Task objective ::
Pictures stay out; everything else in the records below is to be repeated exactly.
┄┄┄┄┄┄┄┄┄┄┄┄┄┄┄┄┄┄┄┄
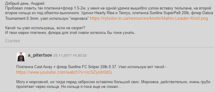 В этом узле плетня обвивает флюр и есть пара-тройка узелков из плетни, которые как бы могут «грохотать», но это ничто по сравнению с узелком из флюра. Флюр остается прямым и никак не препятствует прохождению сквозь кольца. Прочность узла.. — ну если внимательно посмотреть видео, почитать под ним описание, то становится понятно, что его применяют на морской рыбалке в Австралии, ну а там в море слегка другие рыбы, чем наша счука. И если раскопать в интернете диалог с картинки, то станет понятно, где Питерцов его применил и чего это я к нему пристал с распросами. :)
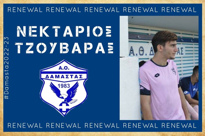 Ο Αθλητικός Όμιλος Δαμάστας ανακοινώνει την ανανέωση της συνεργασίας με τον Ποδοσφαιριστή Νεκτάριο Τζουβάρα για ακόμα μια σεζόν. Ο Νεκτάριος Τζουβάρας θα αγωνιστεί με τα χρώματα της Δαμάστας για πέμπτη συνεχόμενη χρονιά και είναι πλέον από τους παλαιότερους ποδοσφαιριστές της ομάδας μας.
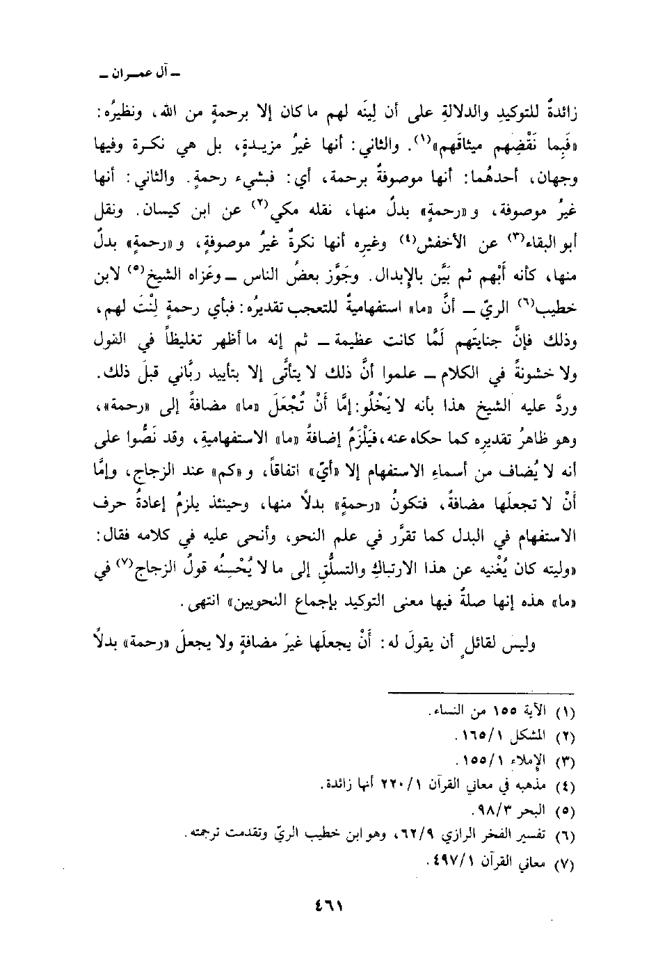 زائدةٌ للتوكيدِ والدلالةِ على أن لِينَه لهم ما كان إلا برحمةٍ من الله، ونظيرُه: {فَبِمَا نَقْضِهِمْ مَّيثَاقَهُمْ} [النساء: 155] . والثاني: أنها غيرُ مزيدةٍ، بل هي نكرة وفيها وجهان، أحدهُما: أنها موصوفةٌ برحمة، أي: فبشيء رحمةٍ والثاني: أنها غيرُ موصوفة، و «رحمةٍ» بدلٌ منها، نقله مكي عن ابن كيسان. ونقل أبو البقاء عن الأخفش وغيره أنها نكرةٌ غيرُ موصوفةٍ، و «رحمةٍ» بدلٌ منها، كأنه أَبْهم ثم بَيَّن بالإِبدال. وجَوَّز بعضُ الناس وعَزاه الشيخ لابن خطيب الريّ أنَّ «ما» استفهاميةٌ للتعجب تقديرُه: فبأي رحمةٍ لِنْتَ لهم، وذلك فإنَّ جنايتَهم لَمَّا كانت عظيمة ثم إنه ما أظهر تغليظاً في القول ولا خشونةً في الكلام علموا أنَّ ذلك لا يتأتَّى إلا بتأييد ربَّاني قبلَ ذلك. وردَّ عليه الشيخ هذا بأنه لا يَخْلُو: إمَّا أَنْ تُجْعَلَ «ما» مضافةً إلى «رحمة» ، وهو ظاهرُ تقديرِه كما حكاه عنه، فيَلْزَمُ إضافةُ «ما» الاستفهاميةِ، وقد نَصُّوا على أنه لا يُضاف من أسماءِ الاستفهام إلا «أيّ» اتفاقاً، و «كم» عند الزجاج، وإمَّا أَنْ لا تجعلَها مضافةً، فتكونُ «رحمةٍ» بدلاً منها، وحينئذ يلزمُ إعادةُ حرف الاستفهام في البدل كما تقرَّر في علم النحو، وأنحى عليه في كلامه فقال: «وليته كان يُغْنيه عن هذا الارتباكِ والتسلُّقِ إلى ما لا يُحْسِنُه قولُ الزجاج في» ما «هذه إنها صلةٌ فيها معنى التوكيد بإجماع النحويين» انتهى.
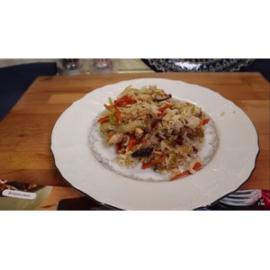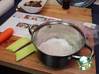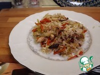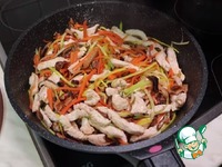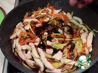 5. Обжариваем морковь на сковородке 2-3 мин, следом на сковородку отправляем индейку, лук-порей и грибы. Солим и перчим по вкусу. |
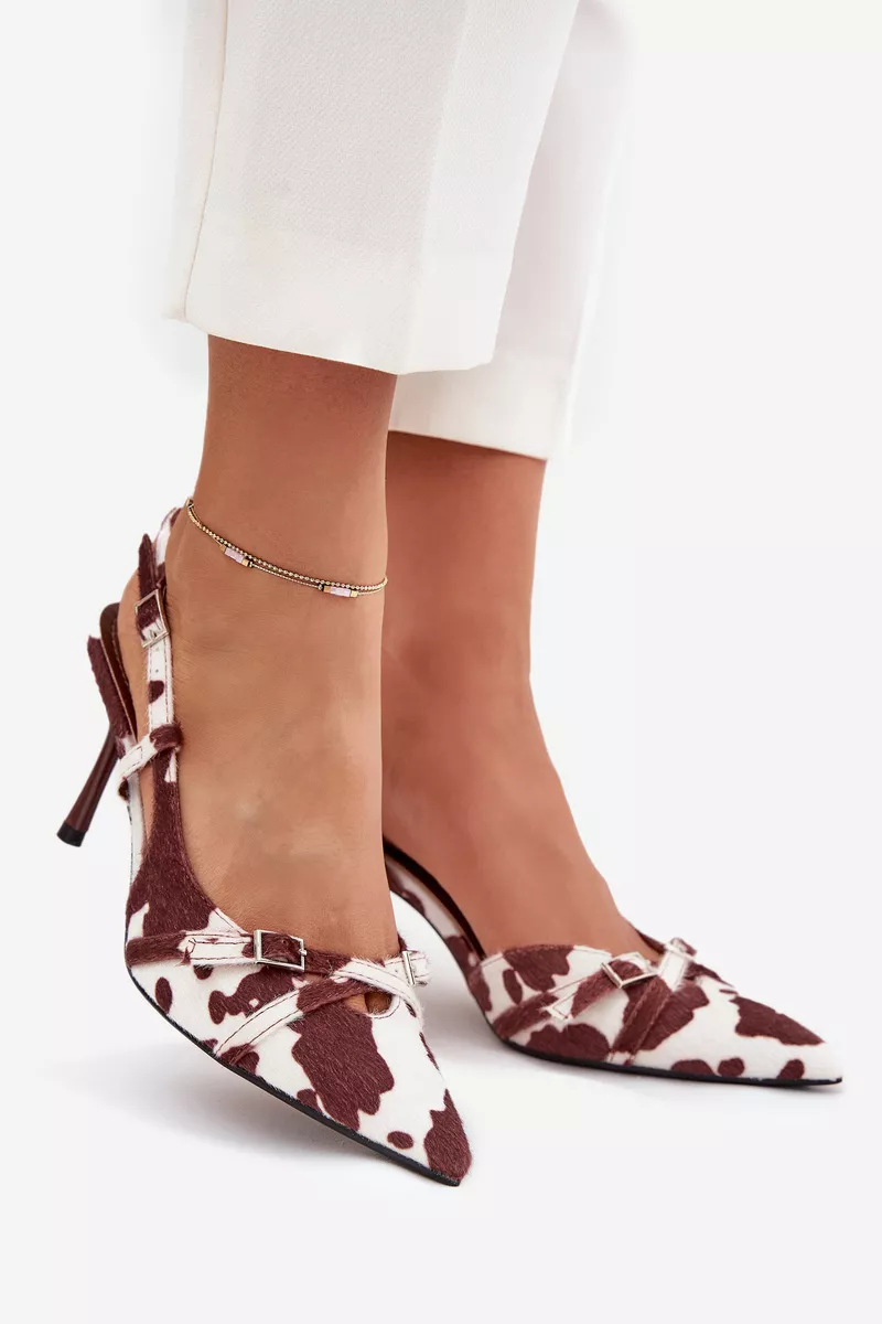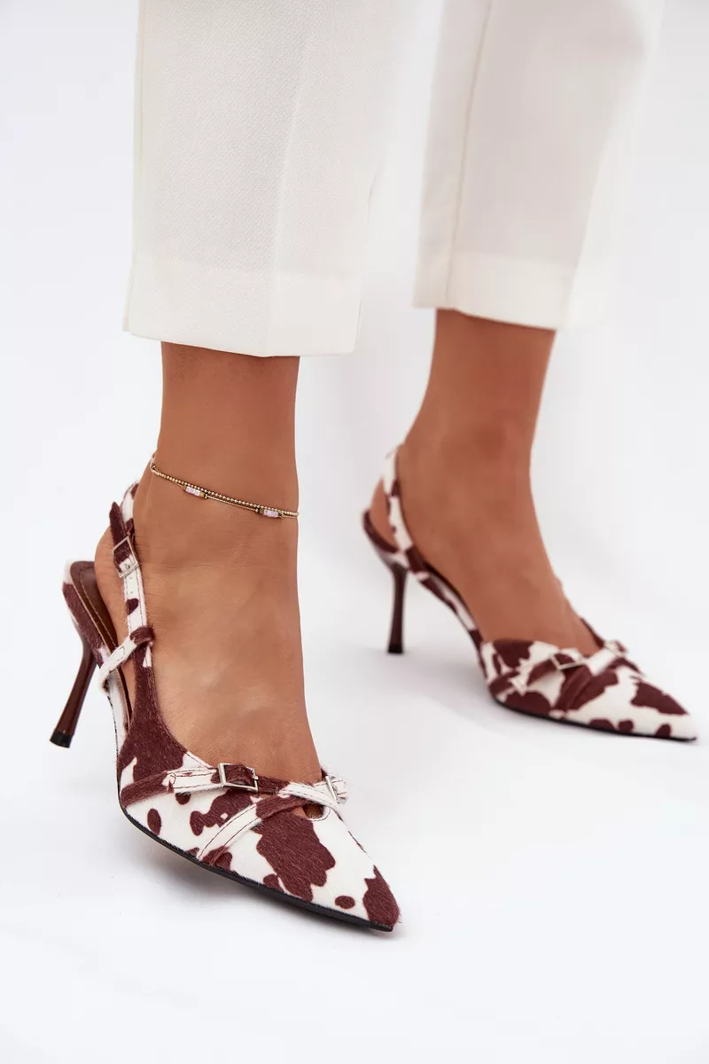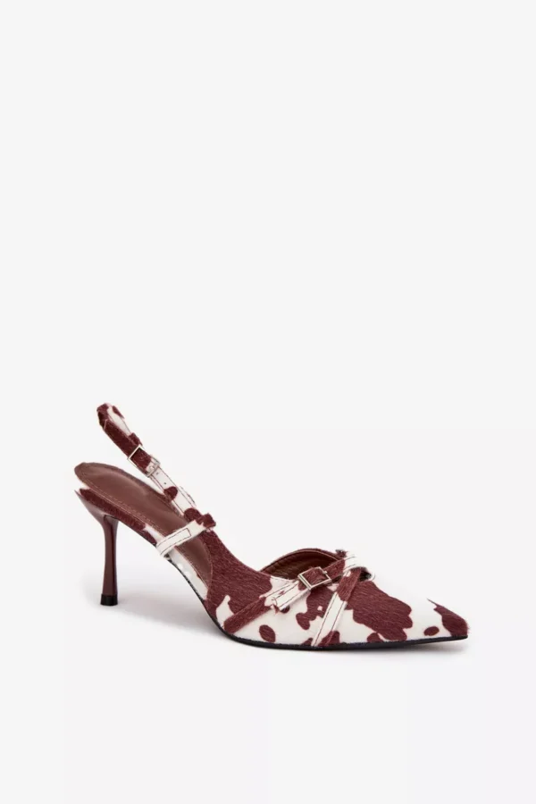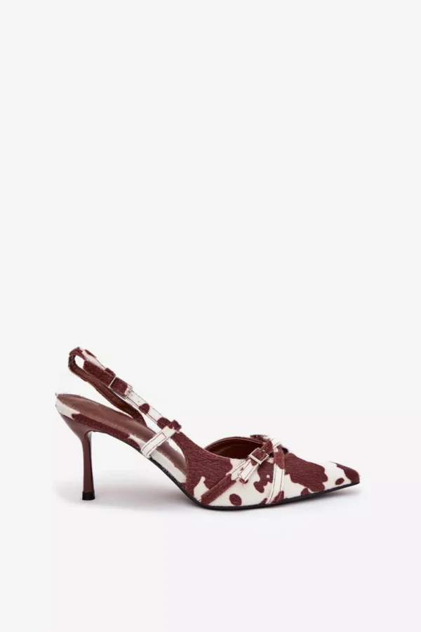 Sieviešu atvērtā purngala kurpes ar augstiem papēžiem ir lieliska izvēle īpašiem gadījumiem. Priekšpusē ir divas savstarpēji savienotas siksnas, kas rotātas ar mazām sprādzēm, kas piešķir kurpēm smalku šarmu. Smaili purngali pagarinātu kājas, piešķirot siluetam slaidu un elegantu izskatu. Ideāli piemēroti vakara pasākumiem, kāzām vai citām svinībām. Izvēloties savu izmēru, lūdzu, izmantojiet izmēru tabulu.
┄┄┄┄┄┄┄┄┄┄┄┄┄┄┄┄┄┄┄┄
Result of this exercise ::
 В этом узле плетня обвивает флюр и есть пара-тройка узелков из плетни, которые как бы могут «грохотать», но это ничто по сравнению с узелком из флюра. Флюр остается прямым и никак не препятствует прохождению сквозь кольца. Прочность узла.. — ну если внимательно посмотреть видео, почитать под ним описание, то становится понятно, что его применяют на морской рыбалке в Австралии, ну а там в море слегка другие рыбы, чем наша счука. И если раскопать в интернете диалог с картинки, то станет понятно, где Питерцов его применил и чего это я к нему пристал с распросами. :)
 Ο Αθλητικός Όμιλος Δαμάστας ανακοινώνει την ανανέωση της συνεργασίας με τον Ποδοσφαιριστή Νεκτάριο Τζουβάρα για ακόμα μια σεζόν. Ο Νεκτάριος Τζουβάρας θα αγωνιστεί με τα χρώματα της Δαμάστας για πέμπτη συνεχόμενη χρονιά και είναι πλέον από τους παλαιότερους ποδοσφαιριστές της ομάδας μας.
 زائدةٌ للتوكيدِ والدلالةِ على أن لِينَه لهم ما كان إلا برحمةٍ من الله، ونظيرُه: {فَبِمَا نَقْضِهِمْ مَّيثَاقَهُمْ} [النساء: 155] . والثاني: أنها غيرُ مزيدةٍ، بل هي نكرة وفيها وجهان، أحدهُما: أنها موصوفةٌ برحمة، أي: فبشيء رحمةٍ والثاني: أنها غيرُ موصوفة، و «رحمةٍ» بدلٌ منها، نقله مكي عن ابن كيسان. ونقل أبو البقاء عن الأخفش وغيره أنها نكرةٌ غيرُ موصوفةٍ، و «رحمةٍ» بدلٌ منها، كأنه أَبْهم ثم بَيَّن بالإِبدال. وجَوَّز بعضُ الناس وعَزاه الشيخ لابن خطيب الريّ أنَّ «ما» استفهاميةٌ للتعجب تقديرُه: فبأي رحمةٍ لِنْتَ لهم، وذلك فإنَّ جنايتَهم لَمَّا كانت عظيمة ثم إنه ما أظهر تغليظاً في القول ولا خشونةً في الكلام علموا أنَّ ذلك لا يتأتَّى إلا بتأييد ربَّاني قبلَ ذلك. وردَّ عليه الشيخ هذا بأنه لا يَخْلُو: إمَّا أَنْ تُجْعَلَ «ما» مضافةً إلى «رحمة» ، وهو ظاهرُ تقديرِه كما حكاه عنه، فيَلْزَمُ إضافةُ «ما» الاستفهاميةِ، وقد نَصُّوا على أنه لا يُضاف من أسماءِ الاستفهام إلا «أيّ» اتفاقاً، و «كم» عند الزجاج، وإمَّا أَنْ لا تجعلَها مضافةً، فتكونُ «رحمةٍ» بدلاً منها، وحينئذ يلزمُ إعادةُ حرف الاستفهام في البدل كما تقرَّر في علم النحو، وأنحى عليه في كلامه فقال: «وليته كان يُغْنيه عن هذا الارتباكِ والتسلُّقِ إلى ما لا يُحْسِنُه قولُ الزجاج في» ما «هذه إنها صلةٌ فيها معنى التوكيد بإجماع النحويين» انتهى.
 5. Обжариваем морковь на сковородке 2-3 мин, следом на сковородку отправляем индейку, лук-порей и грибы. Солим и перчим по вкусу. |
 Sieviešu atvērtā purngala kurpes ar augstiem papēžiem ir lieliska izvēle īpašiem gadījumiem. Priekšpusē ir divas savstarpēji savienotas siksnas, kas rotātas ar mazām sprādzēm, kas piešķir kurpēm smalku šarmu. Smaili purngali pagarinātu kājas, piešķirot siluetam slaidu un elegantu izskatu. Ideāli piemēroti vakara pasākumiem, kāzām vai citām svinībām. Izvēloties savu izmēru, lūdzu, izmantojiet izmēru tabulu.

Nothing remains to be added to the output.